Nine girls from a Delhi shelter home went missing in the intervening night between December 1 and 2 from Sanskaar Ashram in northeast district's Dilshad Garden.
An FIR has been filed at the GTB police station.
Their disappearance was discovered on Sunday morning when attendance was taken at the home. Of the missing women, eight were between 18 and 20 years of age and one was a minor. An FIR has been filed for the minor as well. "The other girls are above the age of 18 and a missing complaint has been lodged for them. The investigation is in progress," DCP (Shahdara) Meghna Yadav told Times of India.
The nine women were reported to be human traffickers who were transferred from another shelter at Dwarka.
Delhi's deputy chief minister Manish Sisodia has ordered a probe to look into the disappearance. Sisodia also ordered the suspension of the district official and the superintendent of the shelter home.
Swati Maliwal, chief of Delhi Commission of Women (DCW) wrote to Sisodia asking the deputy chief minister to get the girls back as well as take immediate action against concerned authorities. She reportedly came to know of the disappearances from a local.

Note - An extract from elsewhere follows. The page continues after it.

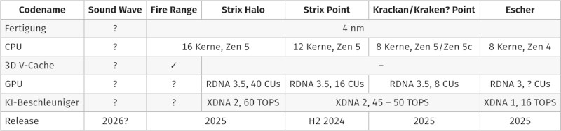 Na IFA 2024 em Berlim, Jack Huynh, vice-presidente sênior e gerente geral do Grupo de Soluções Gráficas e de Computação da AMD, confirmou que os processadores Kraken serão lançados no início de 2025. Esses chips, anteriormente rumores de serem Kraken Point, ajudarão a criar um nicho de laptops acessíveis com IA em um momento em que os chips Strix Point já são usados em dispositivos premium. As especificações oficiais dos futuros processadores ainda não foram divulgadas, mas algumas características já podem ser assumidas com base nos requisitos dos dispositivos Copilot+ PC.

"The lapse of the home authorities in securing the place is extremely serious. These nine girls were transferred from a shelter home in Dwarka on May 4 on the orders of a child welfare committee. They were victims of human trafficking and commercial sexual exploitation. The possibility of the traffickers or brothel owners kidnapping them in connivance with the shelter home authorities needs to be investigated in detail," an official from the DCW was quoted saying.
The Sanskaar Ashram is no stranger to controversy. An official of the DCW said that a child with hearing disabilities was subjected to severe abuse by the superintendent of the shelter home in the past. The DCW had to intervene and put a stop to it.
"Since cruelty to children is a cognizable offence under section 75 of the Juvenile Justice Act, 2015, the commission issued a notice to the department of women and child development and Delhi police enquiring about the reasons for non-registration of an FIR as prescribed under Rule 54(2) of the Juvenile Justice Rules, 2016 on each of the complaints," said the DCW official.